The blog A Fine Theorem is an excellent source of thoughtful discussions of interesting, mostly very recent, papers in economic theory and related fields. A link to it appears topmost in Sites I Like on the right side of this site. After an altogether too-long hiatus, I returned today to A Fine Theorem to find several items of interest that are new to me.
One of these items is the discussion of why economists (economic theorists, mostly) want to see proofs, not simulation results, to be convinced. As I understand the post, economists recognize that it is totally impossible to nail down economic theories on a few parameters that will be conceivably measured better and better over time. We economic theorists just have such a much harder time dealing with the complexity of a social system than a physicist who studies gravity that, as a profession, we have given up on coming up with a true model. Instead we build models upon a small, unified set of principles, a Foundation for all economics, that can give us ways of thinking consistently in many domains of application within economics. A paper that presents nice theorems and their proofs contributes to this enterprise, especially if the assumptions of the theorems do not depart much from the commonly-agreed Foundation. A paper that reports the results of a few thousand simulations hides the reasoning within a black box. Hence papers with proofs are more usable in building the economic theory pyramid and therefore more popular. Theorists stay away from trying to use the opaque (to them) reasoning that drives simulation results.
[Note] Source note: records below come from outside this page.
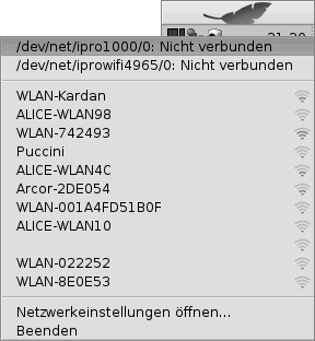 Normalerweise würde man, um sich mit einem drahtlosen Netzwerk zu verbinden, das Netzwerk- Icon in der "Deskbar" mit der Mouse anklicken. So die drahtlose Netzwerk- Karte ihren Dienst entsprechend verrichtet wird man an dieser Stelle mit einer entsprechenden Liste aller erreichbaren drahtlosen Netzwerke belohnt (siehe Bild).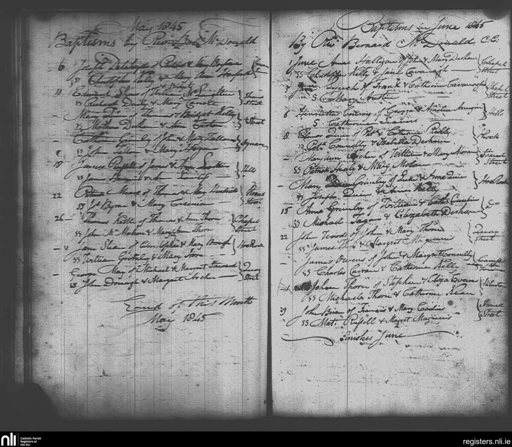 Skerries; County of Dublin; Archdiocese of Dublin. Baptisms, May 1845 to June 1845
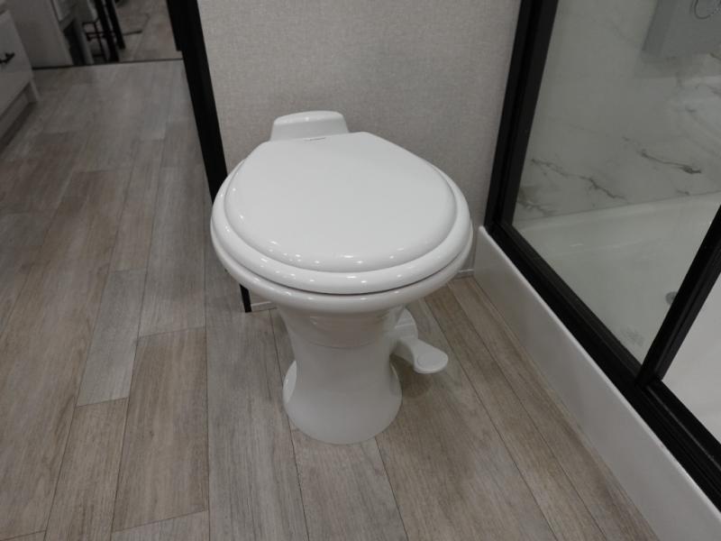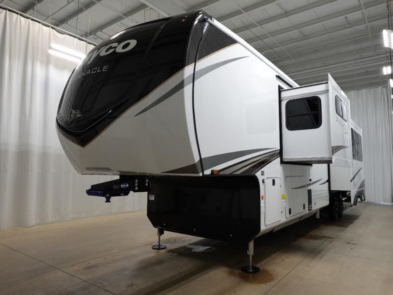 Each Pinnacle fifth wheel features Stronghold VBL lamination for the lightest, yet strongest construction in the RV industry. Add that to the Magnum Truss XL6 roof system and Climate Shield zero-degree tested weather protection and you'll be enjoying your fifth wheel for years to come. Some of the exterior conveniences you will appreciate are the Keyed-Alike lock system, the fully enclosed, universal docking center, and the 6-point hydraulic auto-leveling system for quick and easy set up. The 5 Star Handling Package will make towing a fifth wheel a walk in the park, and the two Whisper Quiet A/C units will keep you comfortable during the hot summer months. Inside, you'll enjoy the residential "Do it all" sink with pull-out kitchen faucet, glass rinse, and vegetable rinse, the handcrafted hardwood glazed cabinetry, the vinyl flooring throughout, plus many more comforts. There is even a central vacuum system, a wireless remote control system, USB ports throughout, plus many more conveniences to make each trip enjoyable.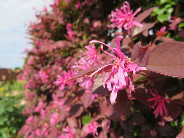生垣ではピンク色のトキワマンサクの花が満開ですので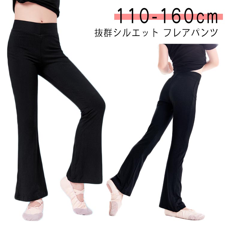 裾フレア 子ども体操服 レギンス キッズ ブラック バレエパンツ セミフレアパンツ 10分丈 ストレッチ バレエレッスン用 裾フレア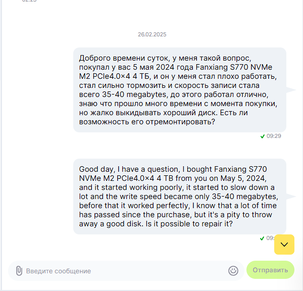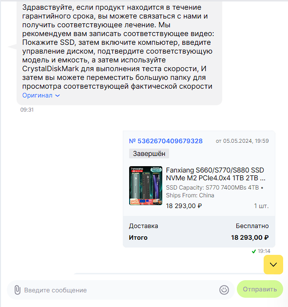 Опознать подделки порой можно даже визуально (не такая печатная плата и расположение микросхем у моделей M.2, не тот корпус для SATA 2.5" и/или его элементы (например, подделки под Kingston собираются зачастую обычными винтиками "под крестовую отвёртку", а не Torx), блёклая краска на этикетках и т.д.), хотя есть и качественные, определяемые только по мелким опечаткам на этикетках, проверкой в программах и поведением в тестах. Самый надёжный способ - только последний, ибо тот же Samsung Magician мошенники уже научились обманывать. Неплохая публикация 2023 года на Пикабу с описанием некоторых таких подделок, целенаправленно приобретённых на Aliexpress (подчеркну ещё раз: по факту их можно приобрести и на российских торговых площадках): https://pikabu.ru/story/feyk_ssd_s_alie ... u_10234249 Видеоролик proSSD о поддельном Kingston KC600 512 Гбайт: https://www.youtube.com/watch?v=XMI9BH_jn2w

(I tried very hard not to make here the obvious analogy of economic theorizing as a pyramid scheme, and as you can see, I failed. If economic theory only aspires to indoctrinate researchers in THE ONE WAY to build models—and we know that econometric testing of the predictions of such models has not been a shining beacon of perfectibility in avoiding narrowminded, blid even, adherence to the Foundation—then we may be building totally useless beautifully constructed mathematical models, in fact harmful models, as they teach policy makers the wrong things. See below for another stab at this subject, and my total capitulation to have to devote a new post to it.)
I am not convinced by the black-box statement. (Confession: I still need to read seriously the paper that the post refers to, which can be found here (PDF).) If the authors of simulations publish their code, the only reason to say that the logic of the result is hidden is the inexperience of the reader with algorithms. Without going so far as to side with Wolfram, who said in his massive A New Kind of Science that all nature (all of it, including the living bits of nature and their behavior) is a bunch of algorithms, I would propose that we economic theorists need a better education in understanding algorithms.
As Leigh Tesfatsion says in one of her surveys of agent-based simulation (unfortunately I have no exact reference right now), every single run of a simulation is a mathematical proof, just with assumptions that appear narrower than we are used to (for instance, because they specify parameters numerically and exactly). A few thousand simulation runs can cover a decently-sized portion of the parameter space and then they are arguably as general, if not more, than a formal theorem on the same conceptual domain.
And things can be even worse for formal theorizing. It feels like we have been working with assumptions and techniques we are familiar with and which deliver consistently publishable papers based on assumptions from the Foundation. We are uncomfortable thinking about the possibility that this foundation is a quicksand. Computer simulations have a clear advantage here: flexibility. You can experiment with a simulation without feeling as restricted as by the straightjacket of mainstream economic theorizing. Simulations are more light-footed than Foundation-based theorizing, so they have a better chance to avoid sinking in the quicksand. (This is veering too far from the topic of the post, however, so I will have to write more in this vein in a subsequent post of mine.)
We could also imagine a source of unease about simulations in general, based on the complexity of the computer’s innards and even of the computer’s output. When the four-color theorem was proved by computer (not by simulation, but by exhaustive enumeration of the possibilities, as I understand it) a debate raged for a while among mathematicians. How could we accept a proof so gigantic that we cannot inspect it ourselves? I may be wrong, but mathematicians as a whole have resolved this debate by accepting that computers can give us acceptable proofs. We simply must accept the black-box problem; it comes with too many demonstrably solid and useful contributions of electronic computation to our lives. This is true even in cases where the box is kept black for commercial reasons, such as the exact Google search algorithm. A Google search these days may give us a few too many content-farm results that are not useful, but it still is an amazing tool whose operation is secret to most people.
As someone who has dabbled in agent-based computer simulations and intends to continue doing so, I appreciate the clarity this discussion gave me on the unpopularity of this kind of work among my colleagues, as well as the stimulation to think more about this issue. The unpopularity should not be overemphasized, however, as simulations are studied enough and published enough in economics to have their own volumes in the Handbook of Economics Series (Handbook of Computational Economics, in two volumes as of now, the second one on agent based computational economics, the kind of simulation I consider most useful for economists).